Il a entièrement remodelé l’organisation des études supérieures. S’il permet des parcours plus souples, le décret Paysage a aussi plongé nombre d’étudiants dans l’impasse, entre accumulation de crédits non obtenus et passerelles plus ou moins bancales.

En novembre 2013, le décret Paysage du ministre Jean-Claude Marcourt (PS) voyait le jour, amorçant une profonde refonte de l’organisation des études supérieures. Désormais, établissements privés et publics sont financés à l’identique. Les synergies sont également favorisées entre (hautes) écoles d’enseignement supérieur et universités à travers des pôles académiques coordonnés par l’Ares (Académie de recherche et d’enseignement supérieur) .  » Avant, il y avait un conseil général des hautes écoles, un conseil interuniversitaire et un conseil supérieur des écoles d’enseignement artistique sans perméabilité aucune entre ces structures. La fondation de l’Ares était essentielle, notamment pour exister à l’international « , explique Toni Pelosato, chef de cabinet de Jean-Claude Marcourt.

La composition des grilles horaires est devenue un véritable casse-tête.

Grâce au système des passerelles, il est désormais possible pour l’étudiant de passer d’un type d’enseignement à un autre. Autrefois chasse gardée de l’université, le domaine de la recherche a également été revalorisé en haute école, à hauteur d’un budget multiplié par quatre en 2019. L’enjeu du décret ? Démocratiser, harmoniser… et économiser. Sur un territoire de 4,5 millions d’habitants comptant six universités, vingt hautes écoles et seize écoles supérieures des arts, des économies d’échelle semblaient devoir être réalisées, notamment grâce à des codiplômations entre universités ou hautes écoles proposant des formations très proches.  » Nous connaissons déjà une explosion démographique dans l’obligatoire : ces jeunes vont arriver dans le supérieur et il faudra y faire face. Réorganiser les études était donc nécessaire, même si la priorité était de défendre un enseignement le plus inclusif possible « , commente Tony Pelosato.

Jean-Claude Marcourt (PS), ministre de l'Enseignement supérieur de la FWB.
Jean-Claude Marcourt (PS), ministre de l’Enseignement supérieur de la FWB.© anthony dehez/REPORTERS

La réussite ? Ça se discute…

Une certitude, le décret Paysage a entièrement remodelé la vie de l’étudiant en Belgique francophone :  » rater  » ou  » réussir  » ne sont plus les termes du débat ! Autre mystère, la durée de leur cursus.

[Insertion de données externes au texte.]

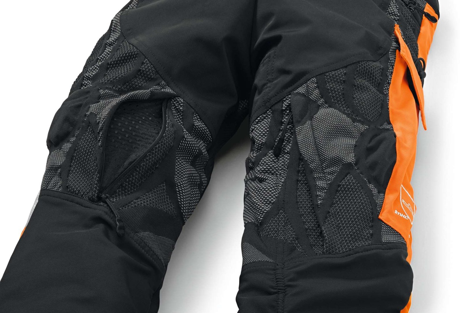 Im Schritt wird der Schnittschutz nicht zusammengenäht sondern durch einen elastischen Einsatz verbunden, der sich selbst bei extremen Ausfallschritten optimal dehnt. |

Il est bel et bien révolu, le temps des  » années d’études  » : l’étalon de mesure est aujourd’hui le crédit, tout comme dans les systèmes allemand, italien ou flamand.

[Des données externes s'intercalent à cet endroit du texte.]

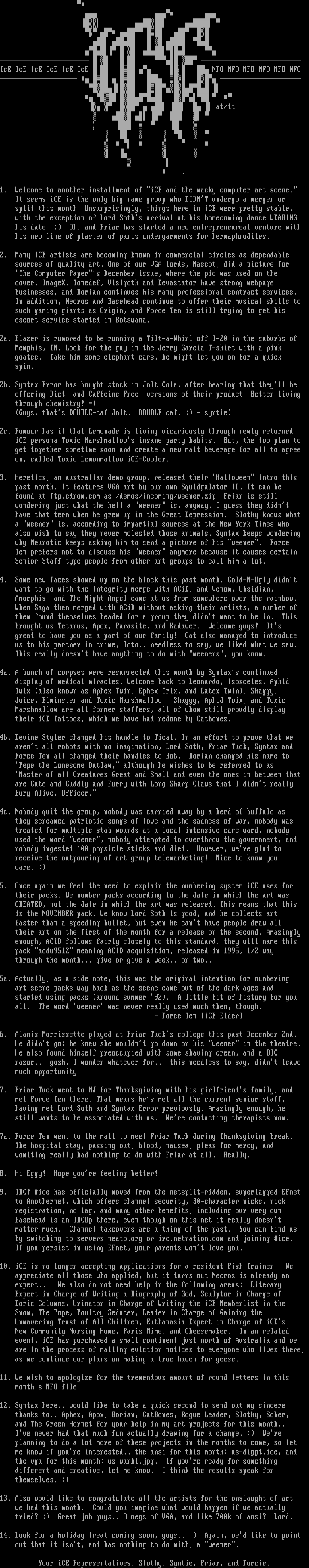 1. Welcome to another installment of iCE and the wacky computer art scene.

 » Sortir de la logique de l’année d’études, c’était aussi entrer dans celle du décret dit de Bologne (NDLR : visant l’harmonisation des études supérieures dans l’UE) : le décret Paysage a réalisé une transcription dans la législation belge de la législation européenne « , rappelle Toni Pelosato. La grille des cours est composée d’unités d’enseignement, correspondant à un certain nombre de ces crédits. Ces unités sont elles-mêmes divisées en activités d’apprentissage (cours ex cathedra, travaux pratiques, laboratoires, stages…). Les trois années de baccalauréat (premier cycle) équivalent désormais à 180 crédits et une année, logiquement, à 60 crédits.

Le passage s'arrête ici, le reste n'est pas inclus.